Personal information
- Born: Florian Kahllund 7 June 1993 (age 33) Rendsburg, Germany
- Height: 185 cm (6 ft 1 in)
- Weight: 75 kg (165 lb)

Sport
- Sport: Archery

Medal record
Men's recurve archery
Representing Germany
Olympic Games
| Silver medal – second place | 2024 Paris | Mixed team |
World Championships
| Silver medal – second place | 2017 Mexico | Mixed team |
| Silver medal – second place | 2023 Berlin | Mixed team |
World Field Championships
| Gold medal – first place | 2022 Yankton | Individual |
European Games
| Gold medal – first place | 2023 Kraków-Małopolska | Individual |
| Bronze medal – third place | 2023 Kraków-Małopolska | Mixed team |
European Championships
| Gold medal – first place | 2014 Echmiadzin | Individual |
| Gold medal – first place | 2024 Essen | Mixed team |
| Silver medal – second place | 2014 Echmiadzin | Team |
| Silver medal – second place | 2022 Munich | Individual |
| Silver medal – second place | 2022 Munich | Mixed team |

= Florian Unruh =

German archer (born 1993)

Florian Unruh (born 7 June 1993, Kahllund) is a German athlete who competes in recurve archery.

Kahllund first competed internationally in 2013, and in 2014 won the individual title at the European Championships in Echmiadzin and qualified for the World Cup Final, winning the third stage of the individual competition in Antalya.

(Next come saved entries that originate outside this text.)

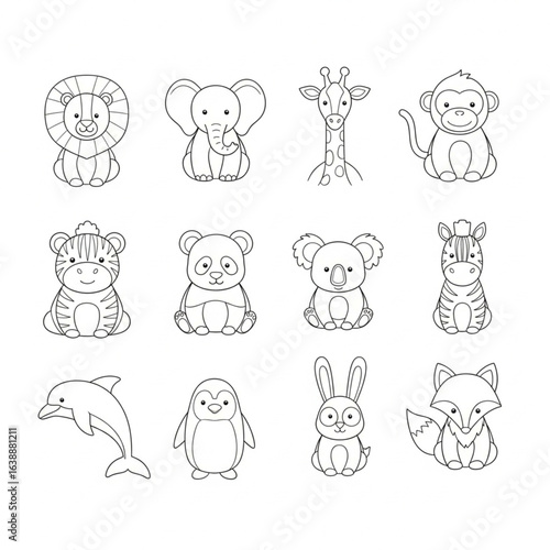 Hand-Drawn Animal Icons Vector Set Outline.eps
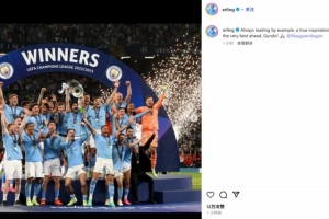 哈兰德晒出了京多安作为队长捧起队史首座欧冠奖杯的照片,并配文:“始终以身作则,真正鼓舞大家。祝你一切顺利,Gundo(对京多安的昵称)!”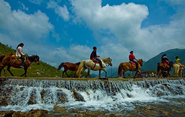除了赏花,这里还有三个水池,虽然相隔不远,但颜色却天然不同。三个池子的水分别是红、青、黑三种不同的颜色。红池水如霞、清池水如靛、黑池水如墨,现名红池坝便是由红池得名。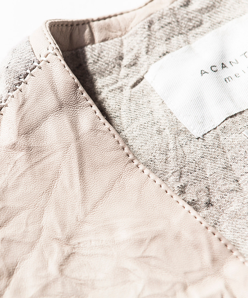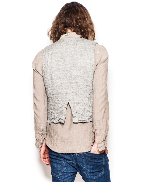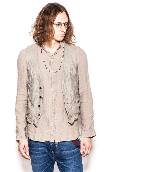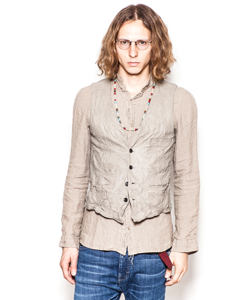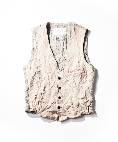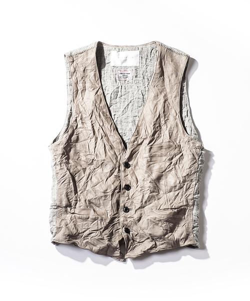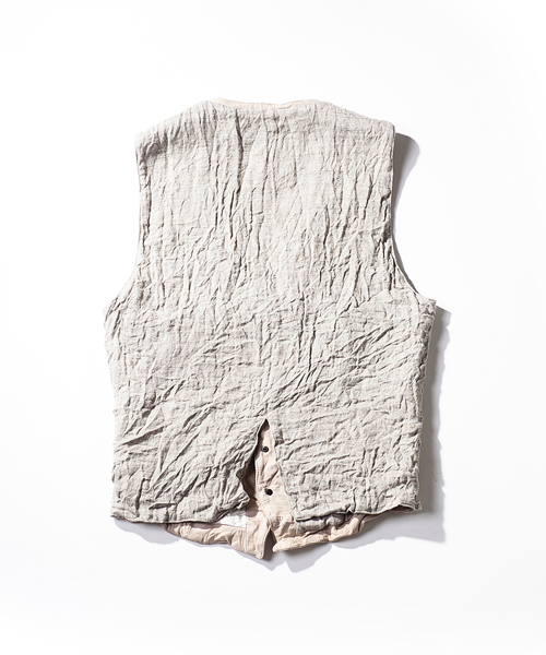 | Detail | 上質な肌触りのラムエントロフィーノを使用した贅沢な1着。ディテールはフロントに3つのポケットを配置した、5つ釦のジレを原型としている。釦には本水牛釦を使用。裏地には職人による天然染め、ヴィンテージウォッシュをかけたリネン生地を使用している。肩の接ぎ部分には縫製職人のハンドステッチによるハシゴステッチを施している。さらにこのベストは縫製後、シワ加工を施して表情を追加している。上質な表情の為、加工を施す事が稀な素材を惜しげも無くシワ加工を施した1品。 |
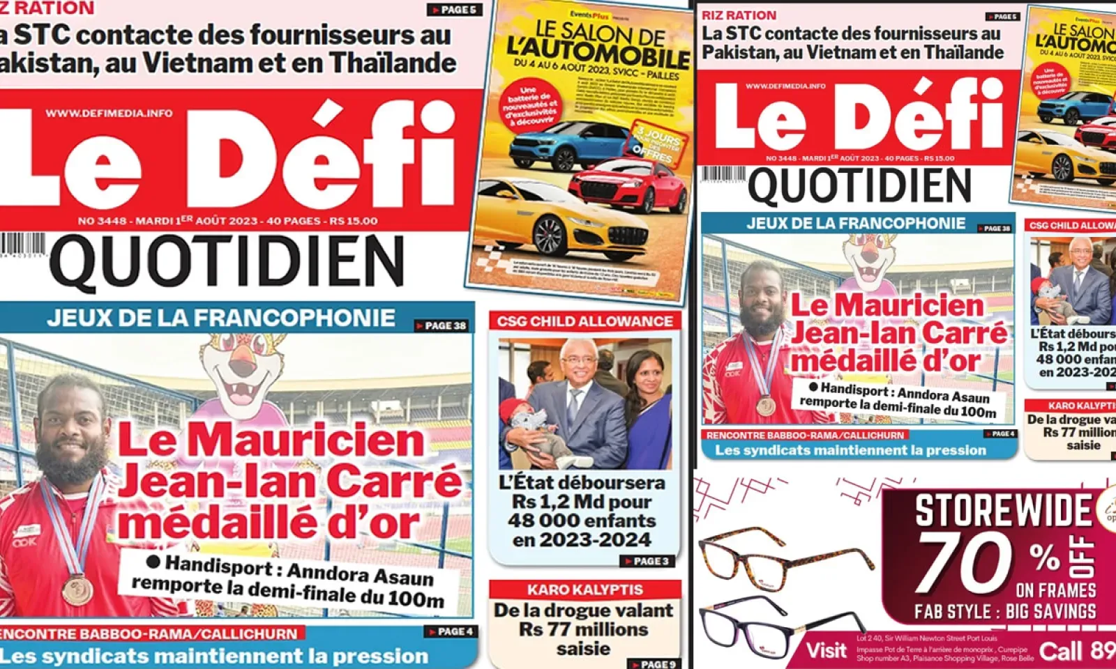 Voici la une du Défi Quotidien de ce Mardi 01 Août 2023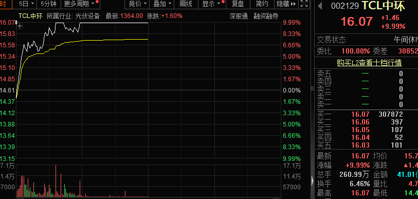 今天早盘TCL中环低开后直线拉升,10点钟出头一度封上涨停,数分钟后涨停被砸开,震荡十多分钟后再度封死涨停板。截至午间收盘,该股收报16.07元,上涨9.99%,封单超过30万手,市值达650亿元。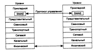 Функциональные области управления системами уже были рассмотрены в разделе 7.1, как имеющие общее значение для любых систем управления. Стандарты ISO в области управления использует терминологию, которая частично совпадает с терминологией систем управления SNMP, а частично от нее отличается. Как показано на рис. 7.9, обмен управляющей информацией с использованием протокола управления (Management Protocol) происходит между субъектами приложений управления системами (Systems Management Application Entities, SMAE). Субъекты SMAE расположены на прикладном уровне семиуровневой модели OSI и являются элементами службы управления. Под субъектом в модели OSI понимается активный в данный момент элемент протокола какого-либо уровня, участвующий во взаимодействии. Примерами SMAE являются агенты и менеджеры систем управления.
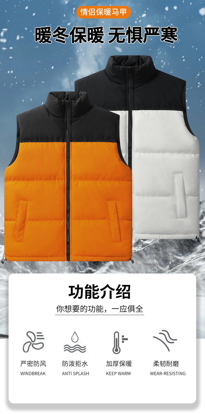 겨울 새로운 스탠드 칼라 민소매 조끼 남자의 커플 방한 따뜻한 캐주얼 탑 느슨한 플러스 사이즈 스탠드 칼라 재킷
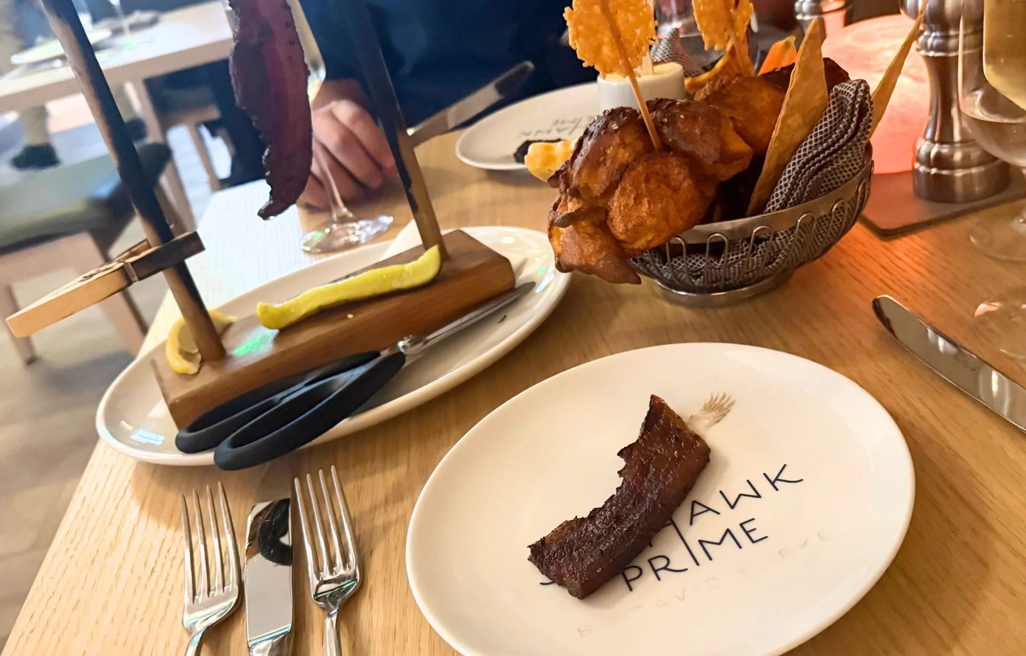 The clothesline bacon arrives like a performance: hick-cut, lacquered, suspended mid-air in true Burke fashion. It’s indulgent, theatrical, and unmistakably signature.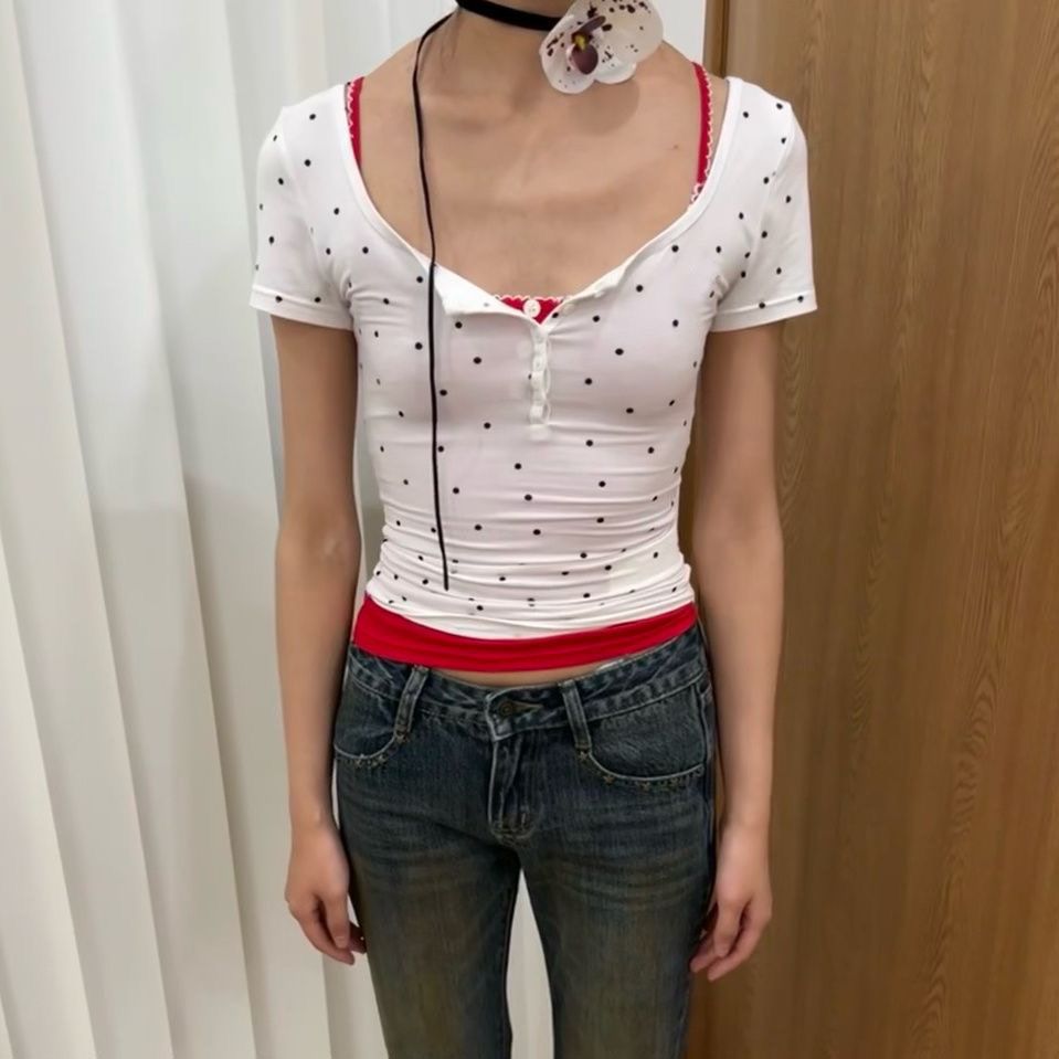 퓨어 화이트 웨이브 닷 하프 오픈 칼라 반소매 숄더 티셔츠 여성용 여름 슬림 슬리밍 스파이스 걸 탑 투피스 세트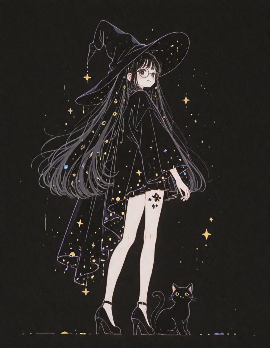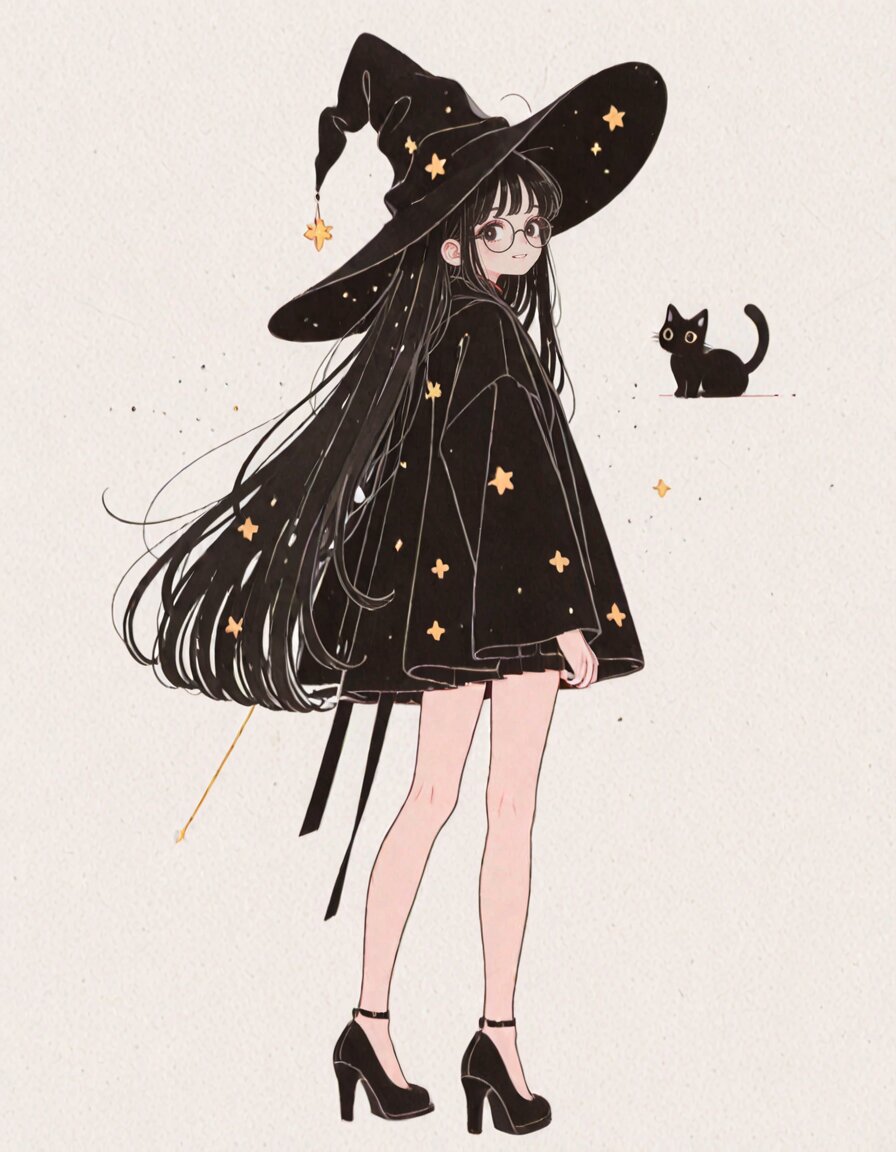 in flat color style illustration. 1girl with glasses:1.3, tareme, wearing a witch hat and jacket, mage robe, black tight miniskirt, (straight black hair, very long hair:1.3), floating hair, high-heels, slender legs, looking back, and a black kitty, (fashion illustration, flat colors, ultra-intricate detailed), flat design, bold colors, patterned fabric, beautiful composition, in the style of cute anime girl. BREAK insanely beautiful and detailed clothes, intricately hair, beautiful small face, long eyelashes, double eyelids, parted lips, smile, kawaii, cute, (flat chest, slender), exquisitely delicate skin, perfect anatomy, perfect legs, dynamic angle, dynamic pose, BREAK (masterpiece, aesthetic quality, 8K, ultra-detailed), (perfect design, realistic complex), absurdres, highres, hyperrealistic, photorealistic, soft lighting, score_9, score_8_up, score_7_up, score_6_up, source_anime, <lora:LCMTurboMix2fix:1>, solo, cute, pencil lines, sketch, kawaii girl,

He won the silver medal in the men's individual recurve event at the 2022 European Archery Championships held in Munich, Germany. He also won the silver medal in the mixed team recurve event.

Unruh won the silver medal in the team event at the 2024 Olympics with his partner Michelle Kroppen.

==Personal life==
He is married to fellow archer Lisa Unruh and adopted her surname.